A well-structured PEO fee should include all of the following at no additional charge:
- Payroll processing (all pay cycles)
- Federal, state, and local tax filing
- W-2 and 1099 preparation
- HR technology platform and employee self-service
- HR advisory support (employee handbook, compliance guidance)
- EPLI (Employment Practices Liability Insurance) coverage
- New hire onboarding administration
- ACA compliance support
What should be negotiated separately or is sometimes included:
- Benefits administration (usually bundled)
- Workers comp (usually a separate line item based on class code)
- 401(k) administration (varies by provider)
- Off-cycle payroll runs (watch for add-on fees)
The line items worth negotiating
Most business owners accept the first proposal they receive. That is a mistake. Here are the levers that move in almost every negotiation:
- The administrative PEPM itself. If you have 20+ employees and a clean workers comp history, you have negotiating leverage. Use it. A 10-15% reduction on the admin fee is common when an experienced advisor is involved.
- Health plan contribution structure. PEOs offer multiple plan options. The employer contribution percentage is negotiable — you do not have to take whatever the default is.
- Workers comp deposit. Some PEOs require a large upfront deposit. This is negotiable, especially if your claims history is clean.
- Implementation fees. Some PEOs charge $500-$2,000 to set you up. These are often waived entirely if you push back or use an advisor.
- Annual rate increase caps. Get a cap on year-over-year administrative fee increases written into the contract. 3-5% is reasonable.
How to read a PEO proposal
When a PEO sends you a proposal, here is exactly what to check:
- Separate the admin fee from benefits costs. The admin fee is what you pay the PEO. Benefits costs are what you pay for coverage. They should be on separate line items.
- Calculate the all-in PEPM. Take the total monthly cost (admin + any additional fees), divide by your headcount. Compare this number across proposals — not the headline rate.
- Check the workers comp rate. Get your experience modification factor (X-mod) and compare what the PEO is charging per $100 of payroll against your current rate.
- Look for auto-renewal clauses. Some PEO contracts auto-renew with price increases. Know the cancellation notice period — typically 60-90 days.
- Understand the exit process. What happens to your benefits, payroll, and employee records when you leave?
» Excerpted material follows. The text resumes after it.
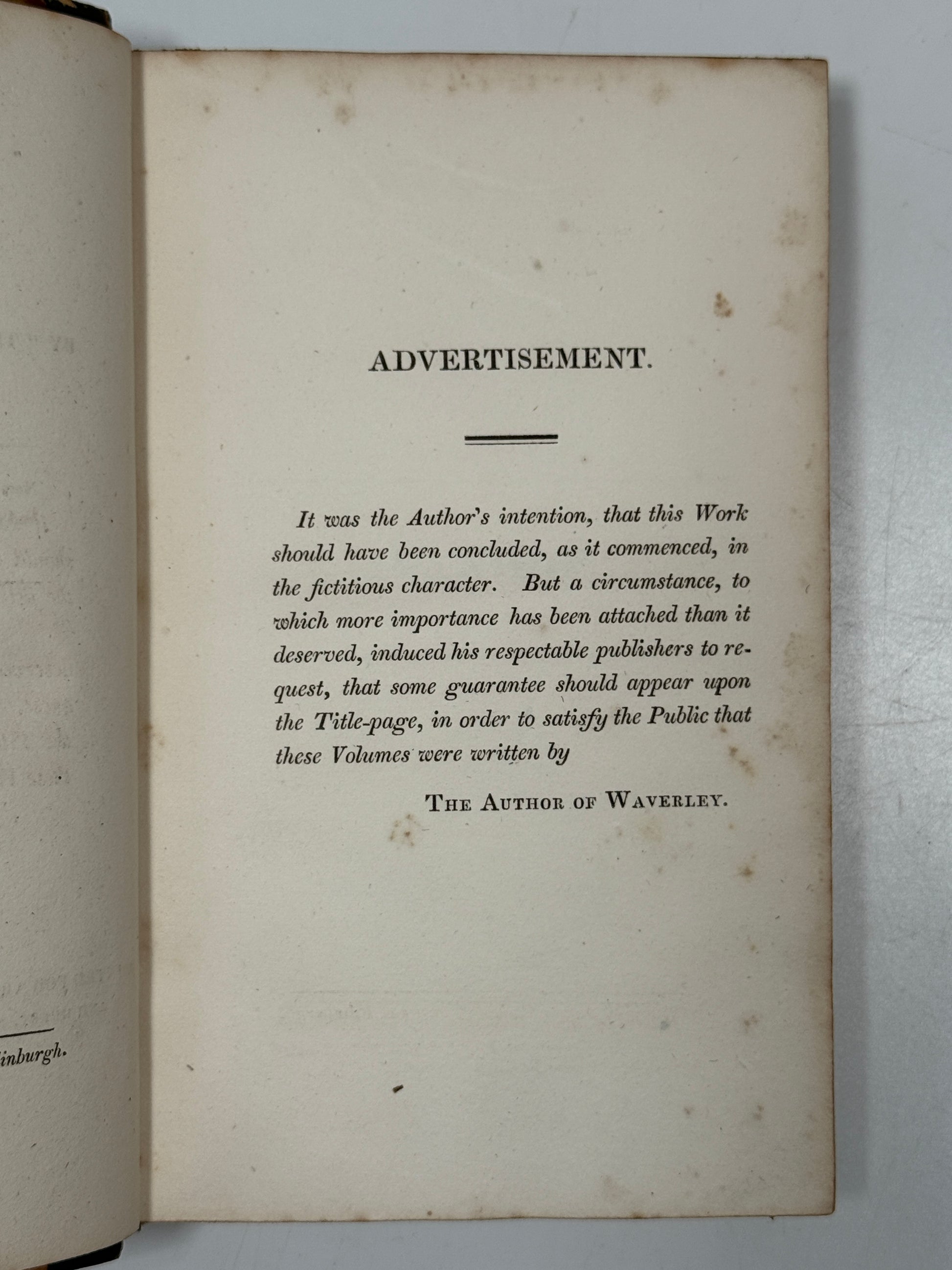 FIRST EDITION FIRST IMPRESSION of what many consider to be Walter Scott's magnum opus, and certainly one of the most important works of the 19th century, coming at a revolutionary time in British literature, in the time of Jane Austen, the Brontes, Mary Shelley, etc. An excellent example of this first edition.

Get this in writing before you sign.
The honest reason most businesses overpay for PEO: They evaluated one or two proposals without knowing what fair looks like. An independent advisor who sees hundreds of proposals per year can tell you within minutes whether a proposal is competitive, high, or frankly aggressive — and on which specific line items to push back.
What does total PEO cost look like in practice?
Here is a realistic example for a 25-person professional services company in Colorado:
| Cost Component | Monthly Cost |
|---|---|
| PEO admin fee (25 employees × $140 PEPM) | $3,500 |
| Health insurance pass-through (25 employees × $650 avg) | $16,250 |
| Dental/vision pass-through | $1,100 |
| Workers comp (low-risk class) | $800 |
| Total monthly | $21,650 |
| Per employee per month (all-in) | $866 |
For context: the same company buying comparable health insurance on the small group market, plus payroll software, plus HR advisory support, would typically spend $900-$1,100 per employee per month — with worse benefit plan quality and no compliance infrastructure.